Sudhakar Prasad (University of New Mexico)
Keywords: BRDF, CASSPI Model
Abstract:
Passive solar illumination of a space object gives rise, in general, to both specular reflections and diffuse scattering which a ground-based imaging system would observe as spatially localized glints and spatially generalized brightness patterns, respectively. The glints have nontrivial polarimetric signatures but their spectral signatures are typically only slightly modified versions of the solar spectrum, while the diffuse, generalized scattering is essentially unpolarized and spatially uniform over a pure material but carries spectral signatures that are characteristic of the surface material content. The spatial shape and extension of a glint about a point at which the surface normal of the underlying smooth mean surface bisects the solar angle in the solar illumination plane are determined directly by the degree of roughness of the underlying mean smooth surface. By contrast, the diffuse scattering is largely independent of the angle of incidence of sunlight locally at a surface point, with a uniform spectral signature. It is this dichotomy of features between specular and diffuse scattering in the spectral-polarimetric data that can permit one to recover rather robustly the three-dimensional (3D) shape, pose, and spectral signature of a solar-reflecting surface from its spatial-spectral-polarimetric brightness data.

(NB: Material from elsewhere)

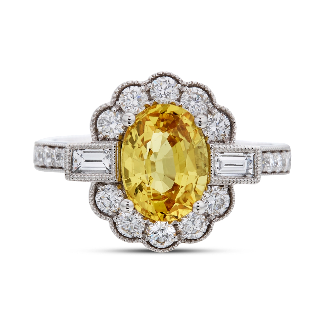 A brand-new, unused certified natural diamond and yellow sapphire cluster ring that brings together vibrant colour, elegant structure and refined brilliance in a beautifully balanced, floral-inspired design. At its centre rests a 2.42ct oval mixed-cut yellow sapphire, displaying a bright, uplifting yellow tone and offering lively flashes of colour that give the ring an immediate sense of warmth and radiance. The oval shape enhances the sapphire’s natural glow, while two baguette-cut diamonds positioned on either side introduce clean, linear light, adding sophistication and a graceful sense of symmetry.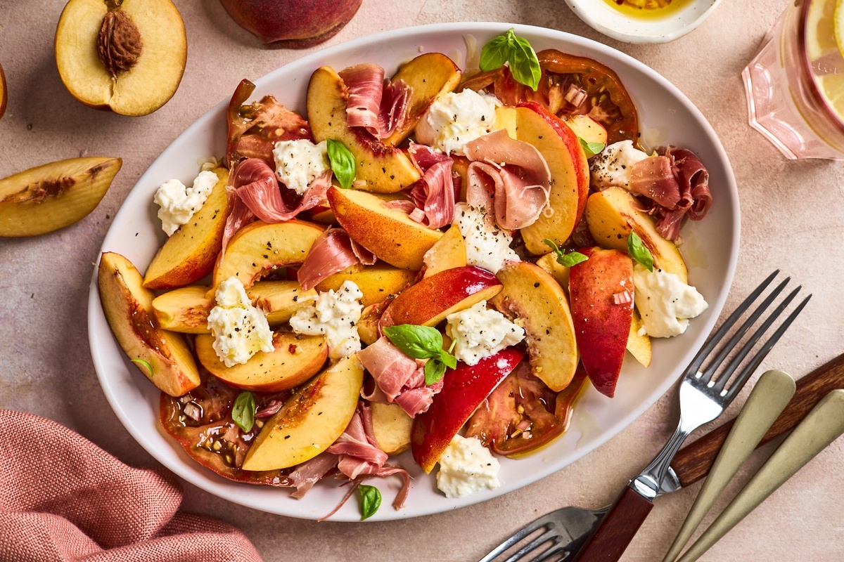 Ингредиенты для салата с помидорами, персиками и буррата

Indeed, for a smooth mean surface made of a pure material that can be characterized via a low-dimensional parametric shape model and thus permits a highly sparse mathematical description, the recovery of these surface attributes as well as its roughness can be obtained well even from compressive spectral-polarimetric image data obtained using a focal-plane spatial code. Such data can be obtained from systems like the Coded-Aperture Snapshot Spectral Polarimetric Imager (CASSPI) [1].